Знает ли он этого человека? Нет… Не знает. Посмотрите еще раз. Нет, не знает, никогда не встречал. А других участников бандитского нападения? Их он тоже не знает, никогда не встречал… да, уверен. А тогда зачем они напали на него? Нет, не из-за денег! У него ничего не просили, ничего не хотели взять. И у самих нападавших не было ни копейки… по крайней мере у этого, убитого. Кстати, и документов у него не было. Нет, не беглый — вон какой сытый и здоровый. Хотя денег и документов при убитом не было, зато был очень интересный нож…
Нож и правда оказался странный — сантиметров двадцати пяти в длину, бритвенной остроты, шириной от силы сантиметра три у рукояти. Нож заострялся как штык. Петя ходил по грибы и ягоды, не раз бывал в зимних походах. Он понимал, что такой нож не годится ни разделывать тушу, ни открывать банку, ни колоть лучинку… Он предназначен только для убийства.

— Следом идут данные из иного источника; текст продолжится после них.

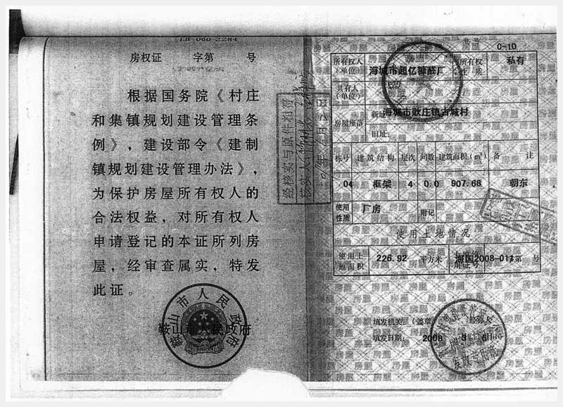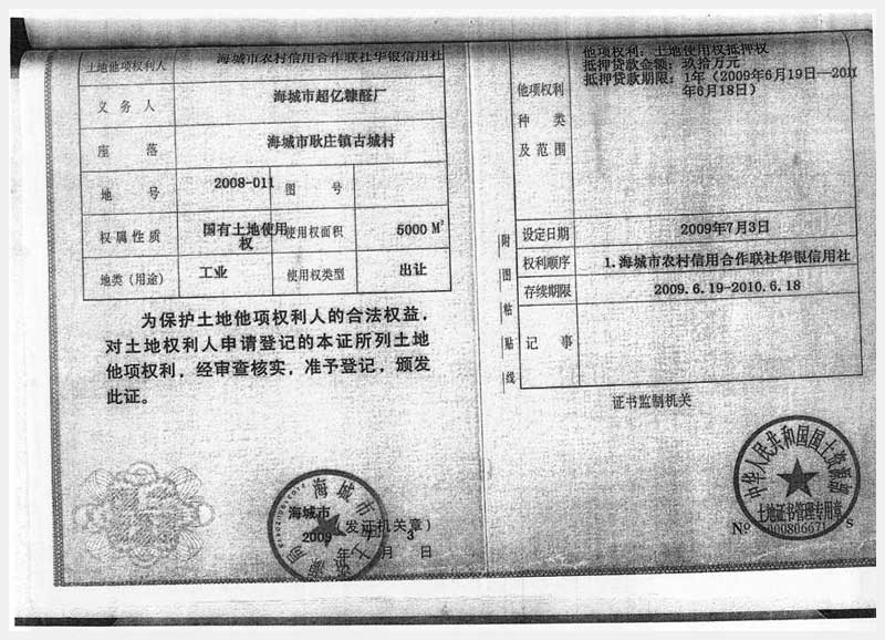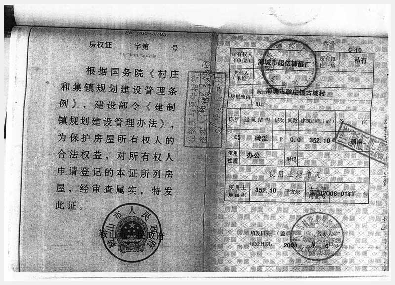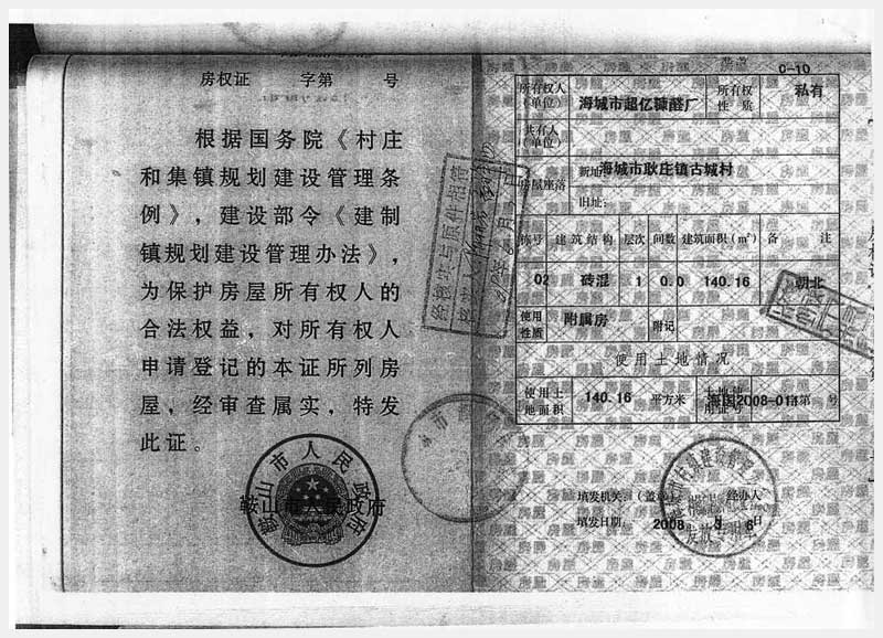 106號(hào) 海城市耿莊鎮(zhèn)古城村的國(guó)有土地使用權(quán)及廠(chǎng)房
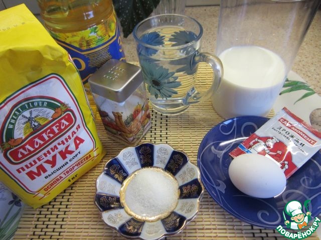 Молоко+вода+яйцо+сол ь+раст. масло+опара+мука (постепенно)=замесить тесто
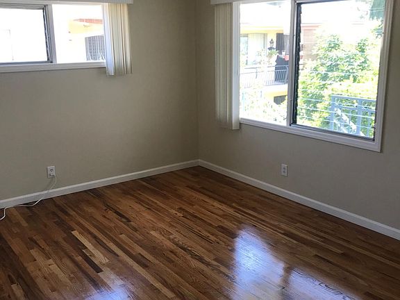 The apartment is fully updated, virtually everything is new or refurbished within the past few years. Kitchen: stainless steel range, refrigerator and sink, granite countertop/backsplash, tile flooring and fixtures; bathroom: new tub & shower tile, new tile flooring, new vanity/sink, medicine cabinet, light and fixtures; rest of unit: original hardwood floors refinished, crown molding and base-boards, ceiling fan, A/C. Lots of closet/cabinet space. Exterior of building is freshly painted and lushly landscaped. On-site laundry and carport parking. Upper unit. Water and trash paid. Cats accepted.
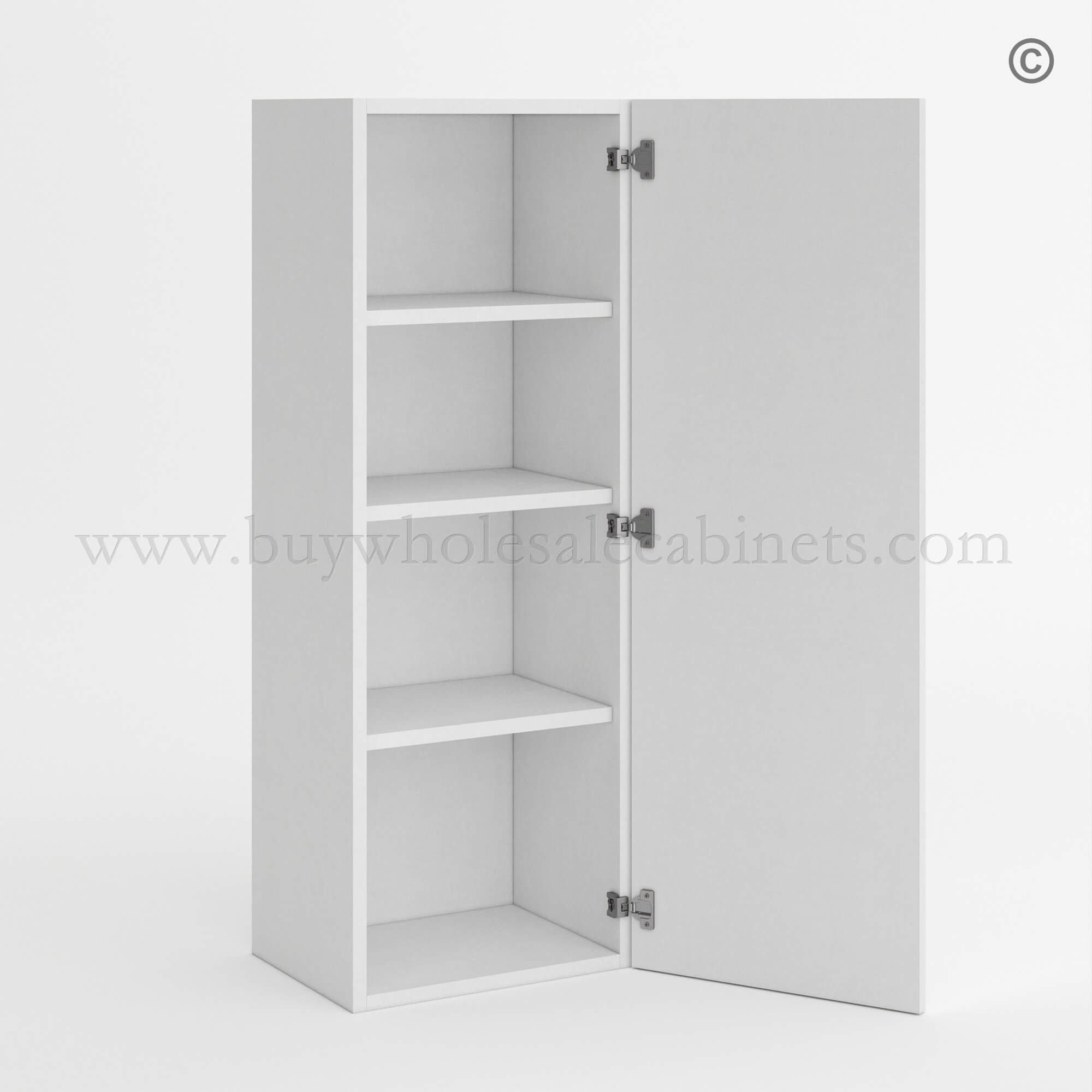 This RTA cabinet frameless white 42H single door wall will complete your kitchen! Design your perfect kitchen and check out our selection of Frameless Gloss White Cabinets.
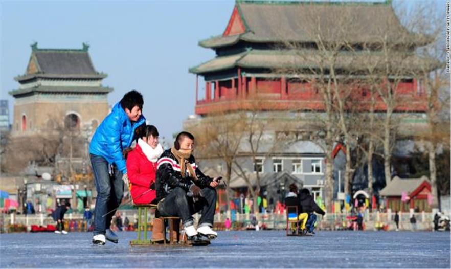 什剎海是由前海、后海和西海三部分構(gòu)成。這個戶外溜冰場周圍滿是歷史建筑,場內(nèi)還能出租冰椅和冰上自行車。
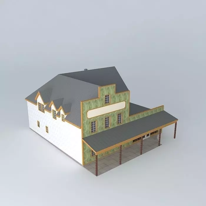 This 3D model was originally created with Sketchup 8 and then converted to all other 3D formats. Native format is .skp 3dsmax scene is 3ds Max 2016 version, rendered with Vray 3.00 This model is based on a store in New England that I drove by several times while driving truck. It originally was an Ell-shaped farmhouse that was commercialized by squareing the ground floor and making the shop keeper's quarters upstairs. Ground floor remodeled into retail space. Empty store, all ready for the next tennant. Unfortunately, the last ones took the appliances, darn them! So you would have to provide them. TY to the contributors. The false front is my idea. The signboard is ready for the next tenants. But the original shape remains.

А еще вот фонарик какой интересный! Петя и правда не видал ничего подобного в своей жизни… А ему объясняли: это армейский фонарик. Из гражданских такие выдают только членам охотничьих кооперативов. Что, Петя и дальше будет утверждать, что на него напал обычный уголовник? Что у Пети просто хотели вытрясти несколько медяков на выпивку?
Ах, он ничего не утверждает! Так и запишем. А что это такое говорил умиравший?
— Он не должен жить… — перевел Петя. Человек еще раньше говорил и другое: «Господин капитан, он уже готов!» Но было совершенно невозможно повторить эти слова: при ярком электрическом свете, на допросе, такие слова выглядели совершеннейшим бредом. Тем более что ясно: не мог же говорить такие слова мелкий уголовник, промышляющий в подворотне.
— Как интересно! А кто именно не должен жить?!
— Откуда я знаю… — мямлил Петя, сам в тоске от всех этих странностей. — Наверно, это я не должен жить…
— А может быть, и кто-то другой… — проницательно усмехался следователь. Грустно смотрел на Петю, грустно сопел срочно вызванный участковый.
— Я вам всегда верил, товарищ Кац… — говорил участковый, и получалось, что участковый-то всегда Пете верил, а вот Петя каким-то непостижимым образом подвел участкового… Хотя и совершенно непонятно, как именно.
Следователь колотил по клавишам разболтанной машинки, нервно курил, задавал новые вопросы и снова курил, совал в пепельницу бычок и опять колотил по стучащим, западающим клавишам. Следователь работал под плакатом «Уважай время!». Участковый молча сидел, молча слушал, кивал и сопел.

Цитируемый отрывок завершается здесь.